ISERROR checks whether a value is any kind of error, returning TRUE or FALSE — useful when you need to test for an error without replacing it.
ISERROR returns TRUE if a value is any of Excel's error types (#N/A, #VALUE!, #REF!, #DIV/0!, etc.) and FALSE otherwise.
Unlike IFERROR, which directly replaces an error with a fallback value, ISERROR just tells you whether an error exists, leaving you to decide what to do about it.
=ISERROR(value)| Argument | Description |
|---|---|
| value required | The value or formula to test. |
=ISERROR(A2/B2)Returns TRUE if dividing A2 by B2 produces any error, such as #DIV/0! if B2 is zero.
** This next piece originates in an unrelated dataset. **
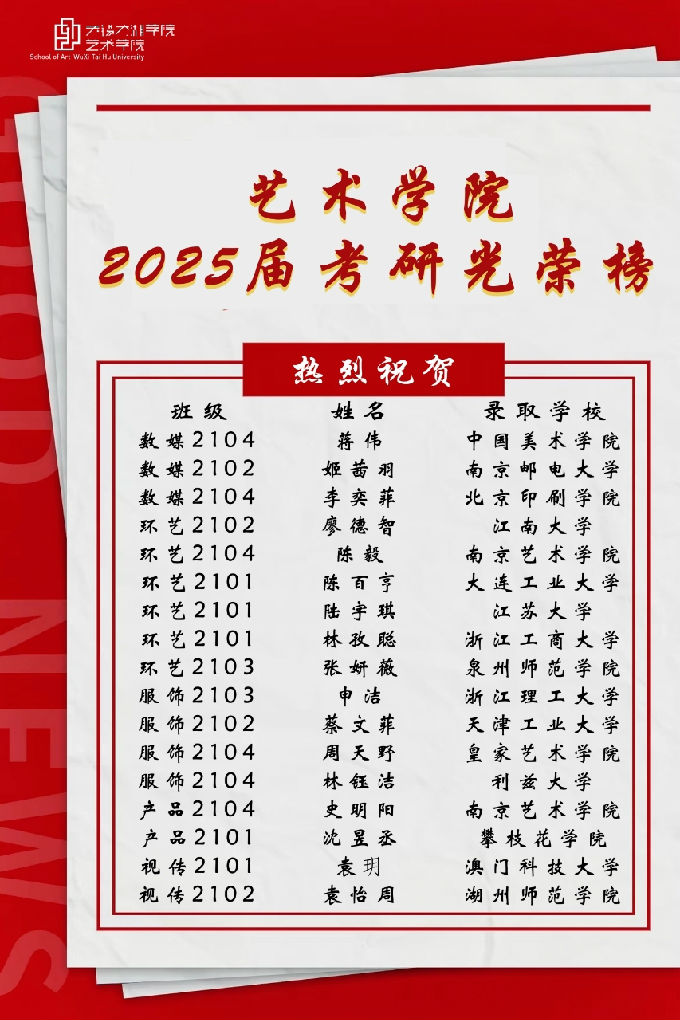 星光不负赶路人,愿上岸学子在新征程中继续以艺为帆,乘风破浪;也希望更多同学以他们为榜样,坚定信念,勇敢追梦!未来,艺术学院将继续与每一位学子并肩前行,书写更多辉煌!
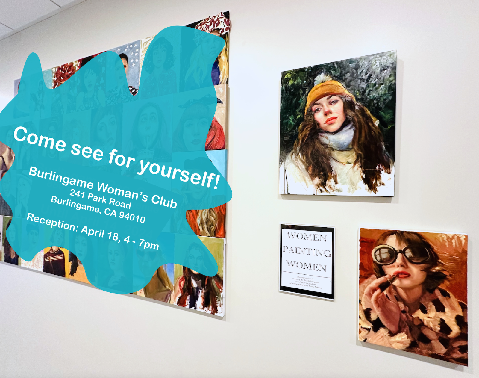 In the spirit of celebrating local women artists and women in the arts, the Burlingame Woman's Club is hosting "Women Painting Women," an Art Show and Open House for the community to view the inspired works by local artists. Sponsored by the Burlingame City Council and Art Attack, we are thrilled to offer extended viewing of this traveling exhibit.

=SUMPRODUCT(--ISERROR(A2:A20))Counts the number of error cells in a range — useful for auditing a large sheet for problems.
=IF(ISERROR(VLOOKUP(A2,B:C,2,FALSE)),"Check manually",VLOOKUP(A2,B:C,2,FALSE))A longer way to achieve what IFERROR does in one step — useful when the TRUE/FALSE itself needs to feed into other logic too.
IFERROR directly replaces an error with a fallback value in one step: =IFERROR(A1/B1,"N/A").
ISERROR only tells you TRUE or FALSE — you then need your own IF to decide what happens next: =IF(ISERROR(A1/B1),"N/A",A1/B1). The IFERROR version is shorter for this exact case, which is why ISERROR is mostly used when you need the TRUE/FALSE result itself, not just a replacement value.
For simple "replace the error" cases, IFERROR is shorter and avoids calculating the same formula twice.